This syntax is a little bit complicated. First, we are selecting all rows of the table that contain a quake with a magnitude greater than 5.7. Next, we are “creating” a column called “big” simply by entering “big” in the column address. Next we’re assigning the word “YES” to the selected row column combination. The net result of this is that we’ve made a new column but most of it is empty, because very few quakes are greater than 5.7.

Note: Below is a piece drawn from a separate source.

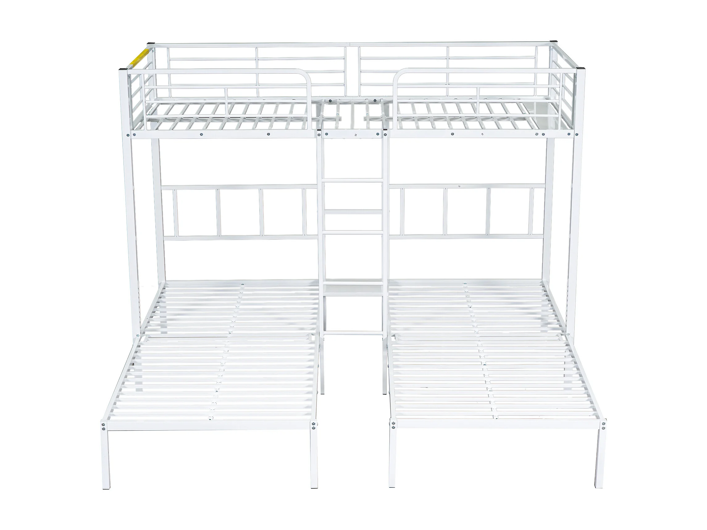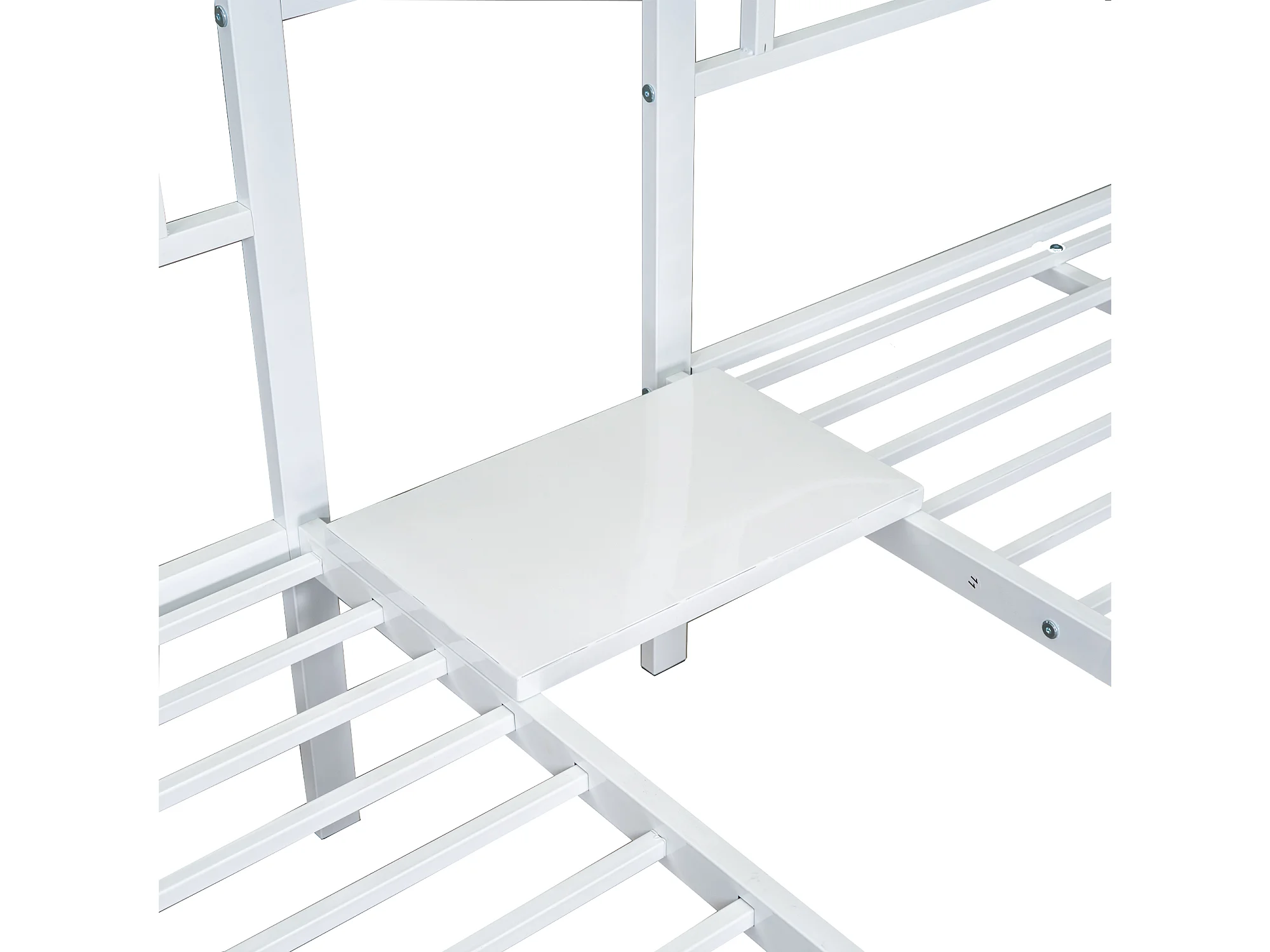 Lit superposé 90x200cm Échelle stable rangement tête de lit métal blanc (Sans matelas)

# now to look at some rows of data to see if the "big" column was created correctly
quakes[10:20,] # Notice the <NA>? These are missing data.

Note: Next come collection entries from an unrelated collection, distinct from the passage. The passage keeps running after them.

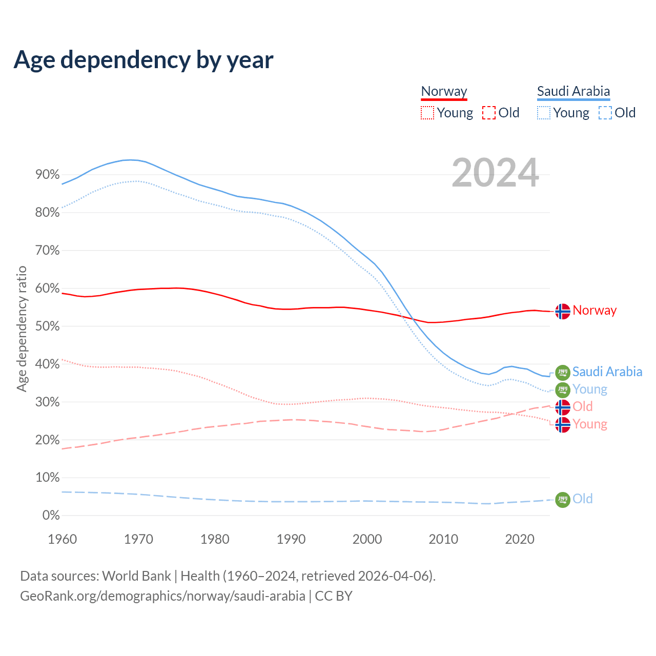 - Norway is ranked 43/196 by median age (oldest to youngest) vs 98/196 for Saudi Arabia.
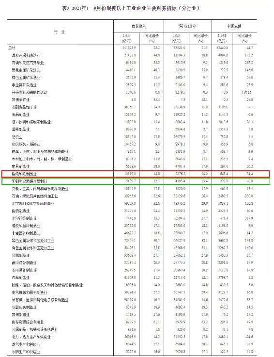 1—9月份,在41個工業大類行業中,35個行業利潤總額同比增長,1個行業扭虧為盈, 5個行業下降。主要行業利潤情況如下:石油、煤炭及其他燃料加工業利潤總額同比增長9.30倍,石油和天然氣開采業增長2.67倍,煤炭開采和洗選業增長1.72倍,有色金屬冶煉和壓延加工業增長1.62倍,黑色金屬冶煉和壓延加工業增長1.45倍,化學原料和化學制品制造業增長1.27倍,計算機、通信和其他電子設備制造業增長38.7%,通用設備制造業增長17.9%,專用設備制造業增長17.8%,電氣機械和器材制造業增長16.0%,非金屬礦物制品業增長14.7%,紡織業增長1.4%,汽車制造業增長1.2%,農副食品加工業下降7.1%,電力、熱力生產和供應業下降24.6%。 值得關注的是,造紙和紙制品業實現利潤總額648.4億元,同比增長34.4%;印刷和記錄媒介復制業實現利潤總額273.9億元,同比下降0.6%。
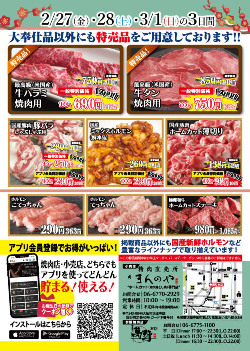 ※各商品・各日、売り切れ次第終了となりますので予めご了承くださいませ。
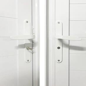 Fabricada com alumínio de alta qualidade e com pintura eletrostática preta resistente a diversos fatores. O produto acompanha batente, maçaneta e fechadura com par de chaves.
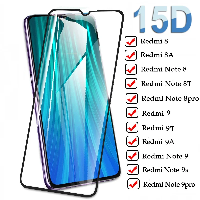 Закаленное стекло 15D для Xiaomi Redmi Note 9 Pro Max 8 T 8A 9A 9C 9T, защитная пленка для экрана Redmi Note 9 S, A 8 T, 9 S, защитное стекло
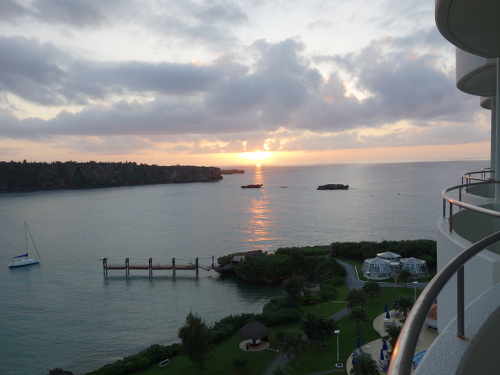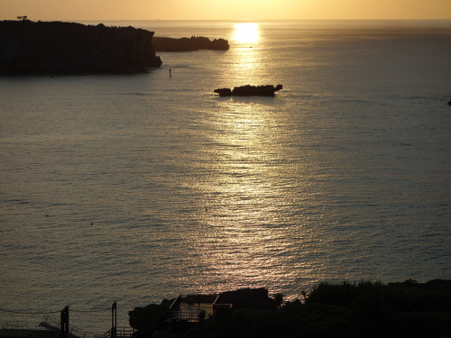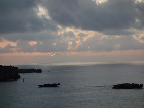 17:47撮影。ANAインターコンチネンタル万座ビーチホテルの8階客室からみた万座毛方面の海

## lat long depth mag stations big
## 10 -17.47 179.59 622 4.3 19 <NA>
## 11 -21.44 180.69 583 4.4 13 <NA>
## 12 -12.26 167.00 249 4.6 16 <NA>
## 13 -18.54 182.11 554 4.4 19 <NA>
## 14 -21.00 181.66 600 4.4 10 <NA>
## 15 -20.70 169.92 139 6.1 94 YES
## 16 -15.94 184.95 306 4.3 11 <NA>
## 17 -13.64 165.96 50 6.0 83 YES
## 18 -17.83 181.50 590 4.5 21 <NA>
## 19 -23.50 179.78 570 4.4 13 <NA>
## 20 -22.63 180.31 598 4.4 18 <NA>
We could fix the missing data simply by assigning the value “NO” to all quakes that are smaller than 5.7.
# Fix missing data
quakes[quakes$mag < 5.7, "big"] <- "NO"
We could also have used a function called ifelse to create
the column big. Try to figure it out? You can get help on the
ifelse function by typing ?ifelse into the
console. You can get help for other functions that way as long as they
are already loaded into R, either in the base package or any packages
you had loaded (we will get to that later).
R is terrible for ‘looking’ at data. It’s really hard and not very
useful to look at tabular representations of your data in R. Instead of
looking at the raw data, I use the summary function. It
displays the max, min, mean, 25th, 75th, and 50th percentile of numeric
variables. You can actually use the summary function on
almost any object in R, and it will give you some kind of useful output
relevant to the object at hand…
summary(quakes)
## lat long depth mag
## Min. :-38.59 Min. :165.7 Min. : 40.0 Min. :4.00
## 1st Qu.:-23.47 1st Qu.:179.6 1st Qu.: 99.0 1st Qu.:4.30
## Median :-20.30 Median :181.4 Median :247.0 Median :4.60
## Mean :-20.64 Mean :179.5 Mean :311.4 Mean :4.62
## 3rd Qu.:-17.64 3rd Qu.:183.2 3rd Qu.:543.0 3rd Qu.:4.90
## Max. :-10.72 Max. :188.1 Max. :680.0 Max. :6.40
## stations big
## Min. : 10.00 Length:1000
## 1st Qu.: 18.00 Class :character
## Median : 27.00 Mode :character
## Mean : 33.42
## 3rd Qu.: 42.00
## Max. :132.00
Notice that the summary of the “big” column is not
especially useful. It tells us that the column stores characters.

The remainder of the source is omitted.